In some embodiments, the desired reduction is achieved within a relatively short time period, for example, within 1 week, 2 weeks, 3 weeks or 4 weeks. In some embodiments, the desired reduction is achieved within, for example, 1 month, 2 months, 3 months, 4 months, 5 months or 6 months after employing the subject methods. In some embodiments, the desired reduction is achieved within 1 year, 2 years, 3 years, 4 years, or 5 years after employing the subject methods.

In some embodiments, prior to contacting a composition with food or water, the method comprises assessing a livestock animal or livestock production facility for local conditions, determining a preferred formulation for the composition (e.g., the type, combination and/or ratios of microorganisms and/or growth by-products) that is customized for the local conditions, and producing the composition with said preferred formulation.

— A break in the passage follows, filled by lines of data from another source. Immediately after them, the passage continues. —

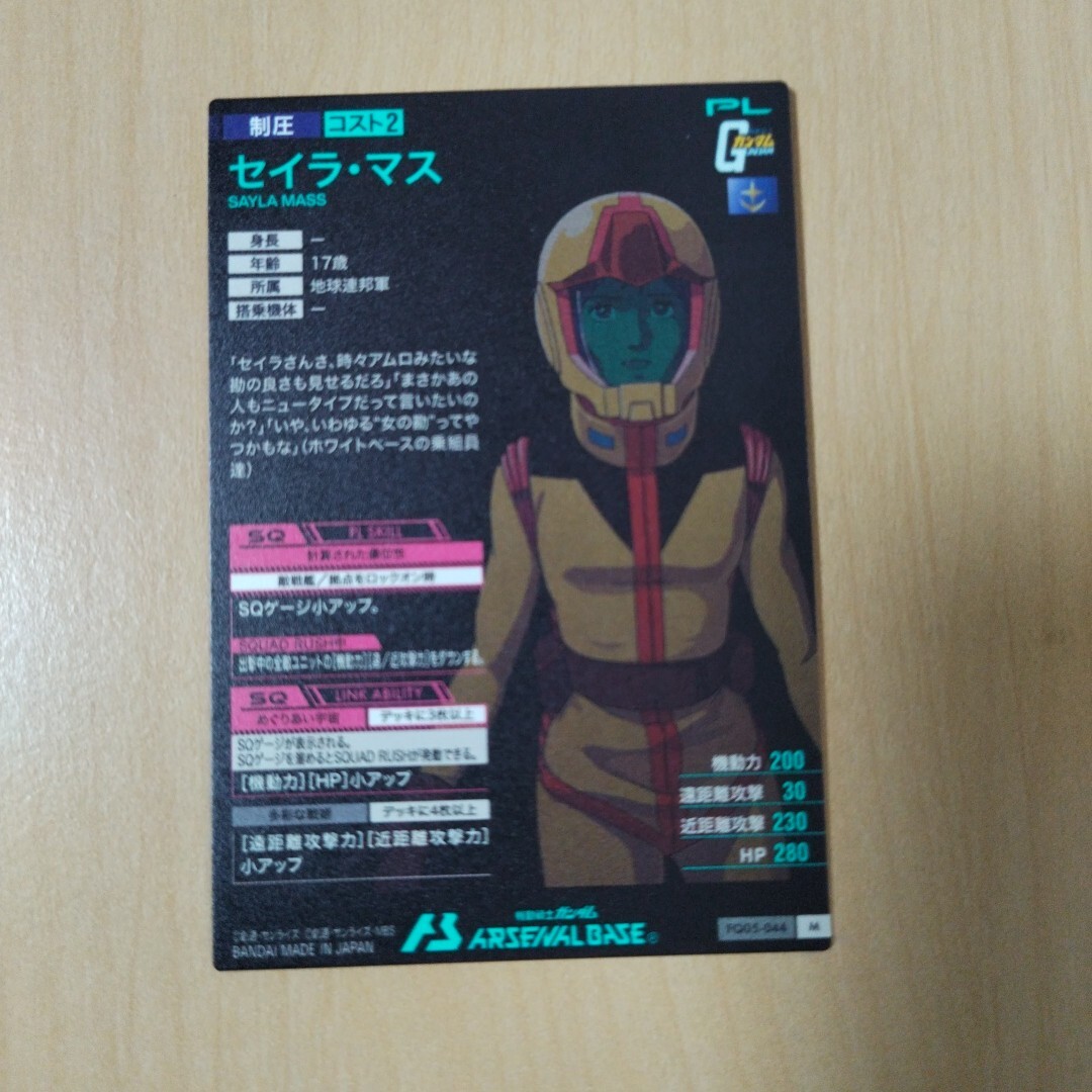 ガンダムアーセナルベース、Mレア、セイラ・マスの出品となります。未使用品です。排出後、スリーブに入れて保管していますが初期キズなど気になさる方はご遠慮ください。配送料金は梱包代込みで全国一律、120円とさせていただきます。他の出品との同梱は対応いたします。ノークレム、ノーリターンにてお願いいたします。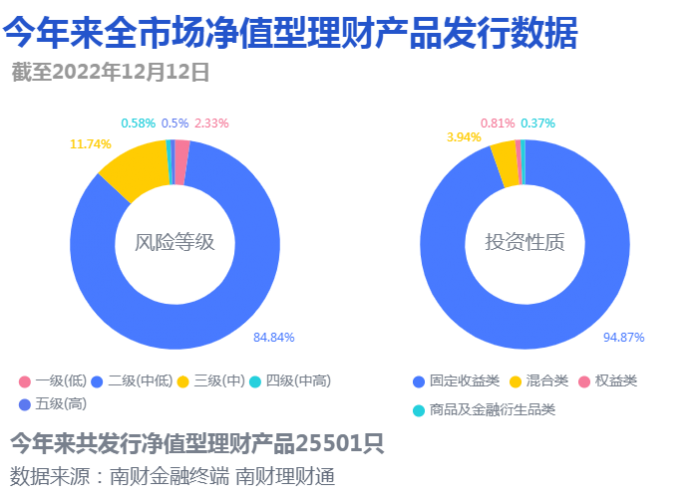 南财金融终端、南财理财通数据显示,截至2022年12月12日,今年以来,全国发行净值型银行理财产品25,501只。其中,一级(低风险)产品占比2.33%,二级(中低风险)产品占比84.84%,三级(中风险)产品占比11.74%,四级(中高风险)产品占比0.58%,五级(高风险)产品占比0.5%。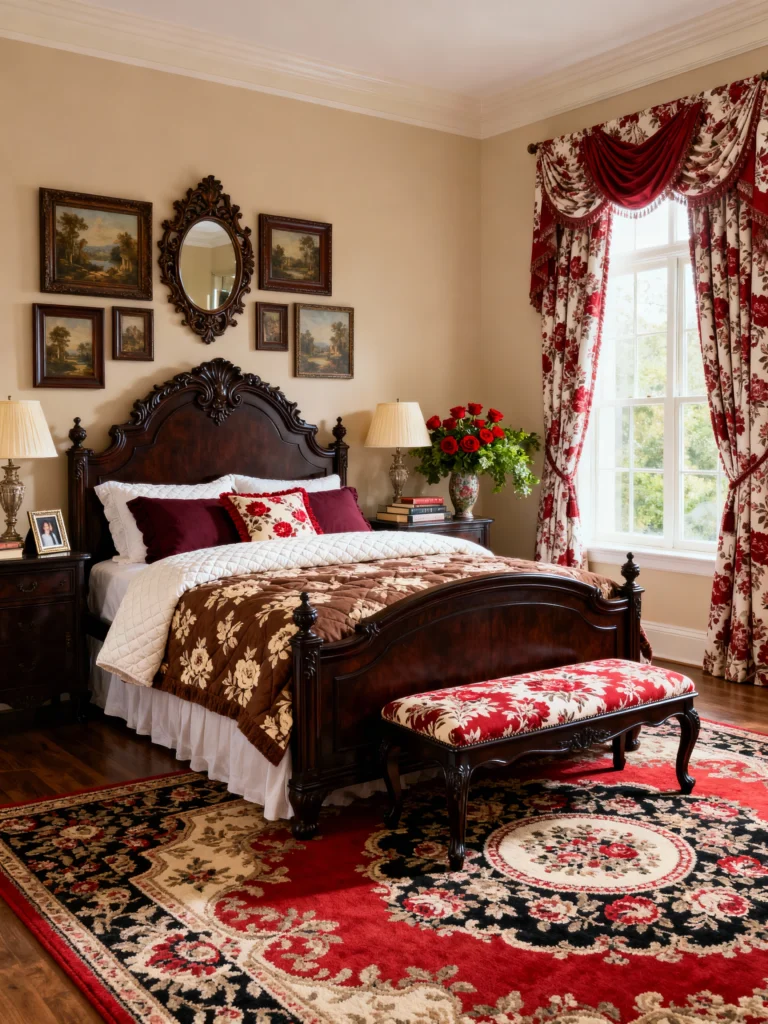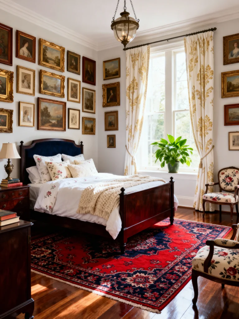 This room feels so sophisticated. The deep mahogany bed frame and that vibrant red Persian rug create a really grounded, expensive feel. My favorite part has to be the mismatched gold frames covering the wall—it feels like a collection of memories rather than just “decor.” It’s traditional, but the bright window keeps it feeling fresh.

The local conditions can include, for example, age, health, size and species of the animal; purpose for producing the animal (e.g., meat, fur, fiber, eggs, labor, milk, etc.); species within the microbial population of an animal’s gut; environmental conditions, such as amount and type of GHG emissions at a facility, current climate, and/or season/time of year; mode and/or rate of application of the composition, and others as are deemed relevant.

After assessment, a preferred formulation for the composition can be determined so that the composition can be customized for these local conditions. The composition is then cultivated, preferably at a microbe growth facility that is within 300 miles, preferably within 200 miles, even more preferably within 100 miles of the location of application (e.g., the animal or livestock production facility).

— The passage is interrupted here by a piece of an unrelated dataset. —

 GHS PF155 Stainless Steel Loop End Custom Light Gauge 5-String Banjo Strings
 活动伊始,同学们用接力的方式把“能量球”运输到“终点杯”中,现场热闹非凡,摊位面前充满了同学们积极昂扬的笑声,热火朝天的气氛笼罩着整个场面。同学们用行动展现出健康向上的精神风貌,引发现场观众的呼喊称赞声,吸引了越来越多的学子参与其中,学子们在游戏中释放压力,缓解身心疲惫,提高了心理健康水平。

In some embodiments the local conditions are assessed periodically, for example, once annually, biannually, or even monthly. In this way, the composition formula can be modified in real time as necessary to meet the needs of the changing local conditions.

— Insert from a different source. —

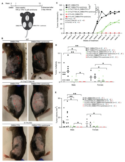 The thickness sum of stratum granulosum, stratum spinosum, and stratum basalis was quantified to represent hyperplasia of keratinocytes. In male mice, the proliferation of keratinocytes was hindered by Il17rc-KO, but not Il17ra(T779A)-KI. Topical administration of centrinone could not inhibit the proliferation of keratinocytes induced by DMBA/TPA (Figure 7A,B). However, an opposite phenotype alteration was observed in female mice, which showed that centrinone treatment favored the reduction of epidermis thickening of Il17rc-KO mice compared with Il17ra(T779A)-KI mice. However, the difference of keratinocyte proliferation between WT and Il17rc-KO did not show any statistical significance (Figure 7A,C). Pronounced tumor formation was observed in WT and Il17ra(T779A)-KI mice, but no tumors developed in the Il17rc-KO mice (Figure 7D).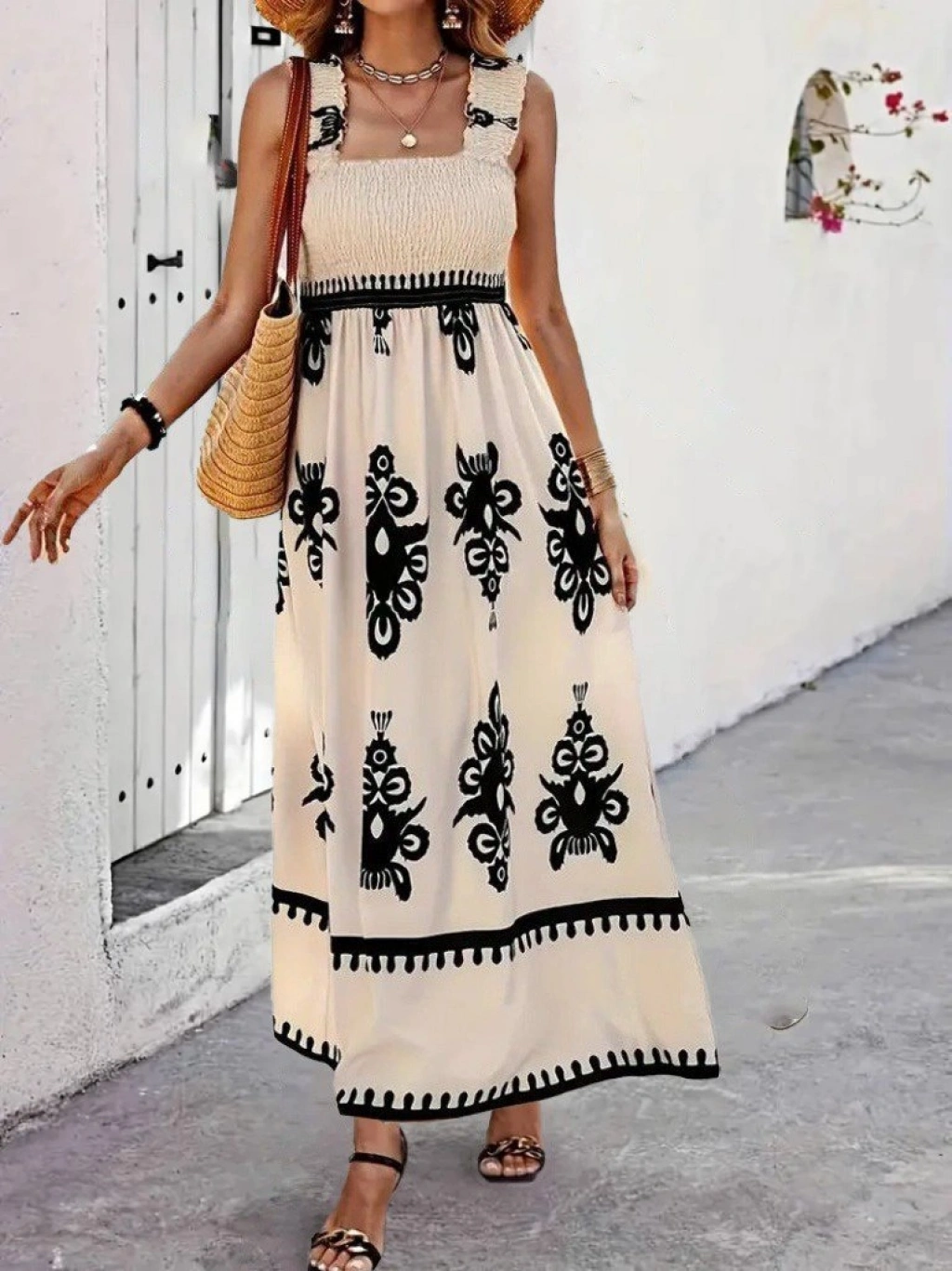 Kadın Askılı Kare Yaka Gipe Detaylı Desenli Suprem Elbise

In one embodiment, the composition is used according to the subject methods as either a liquid or a dried product. In one embodiment the composition is introduced, either in the liquid or dried form, into an animal’s food, or into the animal’s drinking water.

In one embodiment, the composition is added to standard raw food ingredients utilized in wet and/or dry animal feed. As used herein,“dry food” refers to food that contains a limited moisture content, typically in the range of about 5% to about 15% or 20% w/v. Typically, dry processed food comes in the form of small to medium sized individual pieces, e.g., morsels, kibbles, treats, biscuits, nuts, cakes or pellets.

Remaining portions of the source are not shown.